## [DATA BELOW]
--------------------------------------------------

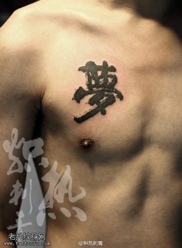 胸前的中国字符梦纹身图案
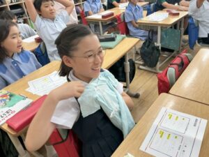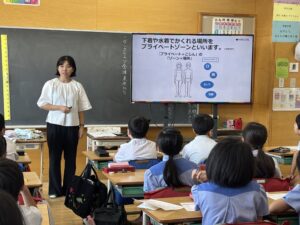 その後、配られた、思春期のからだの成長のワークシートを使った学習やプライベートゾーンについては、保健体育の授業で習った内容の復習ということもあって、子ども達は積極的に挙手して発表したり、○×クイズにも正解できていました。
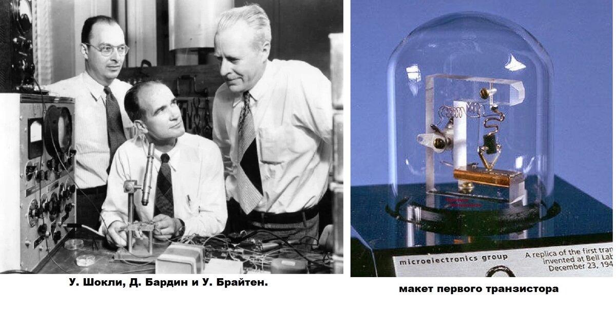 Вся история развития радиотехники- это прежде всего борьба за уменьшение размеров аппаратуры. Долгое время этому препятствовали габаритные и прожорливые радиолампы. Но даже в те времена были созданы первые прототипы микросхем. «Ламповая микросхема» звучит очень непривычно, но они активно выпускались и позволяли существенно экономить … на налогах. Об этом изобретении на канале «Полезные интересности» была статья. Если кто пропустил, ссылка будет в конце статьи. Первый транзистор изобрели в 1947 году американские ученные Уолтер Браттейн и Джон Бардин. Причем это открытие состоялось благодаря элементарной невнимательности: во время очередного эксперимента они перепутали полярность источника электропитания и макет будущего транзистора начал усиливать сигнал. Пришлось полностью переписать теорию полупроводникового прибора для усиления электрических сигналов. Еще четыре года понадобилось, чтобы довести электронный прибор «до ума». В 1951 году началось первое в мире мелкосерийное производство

--------------------------------------------------

## [YOUR INSTRUCTIONS]
All text in the material above must be written out exactly; the images are to be skipped.

## [REPLY]
 胸前的中国字符梦纹身图案
 その後、配られた、思春期のからだの成長のワークシートを使った学習やプライベートゾーンについては、保健体育の授業で習った内容の復習ということもあって、子ども達は積極的に挙手して発表したり、○×クイズにも正解できていました。
 Вся история развития радиотехники- это прежде всего борьба за уменьшение размеров аппаратуры. Долгое время этому препятствовали габаритные и прожорливые радиолампы. Но даже в те времена были созданы первые прототипы микросхем. «Ламповая микросхема» звучит очень непривычно, но они активно выпускались и позволяли существенно экономить … на налогах. Об этом изобретении на канале «Полезные интересности» была статья. Если кто пропустил, ссылка будет в конце статьи. Первый транзистор изобрели в 1947 году американские ученные Уолтер Браттейн и Джон Бардин. Причем это открытие состоялось благодаря элементарной невнимательности: во время очередного эксперимента они перепутали полярность источника электропитания и макет будущего транзистора начал усиливать сигнал. Пришлось полностью переписать теорию полупроводникового прибора для усиления электрических сигналов. Еще четыре года понадобилось, чтобы довести электронный прибор «до ума». В 1951 году началось первое в мире мелкосерийное производство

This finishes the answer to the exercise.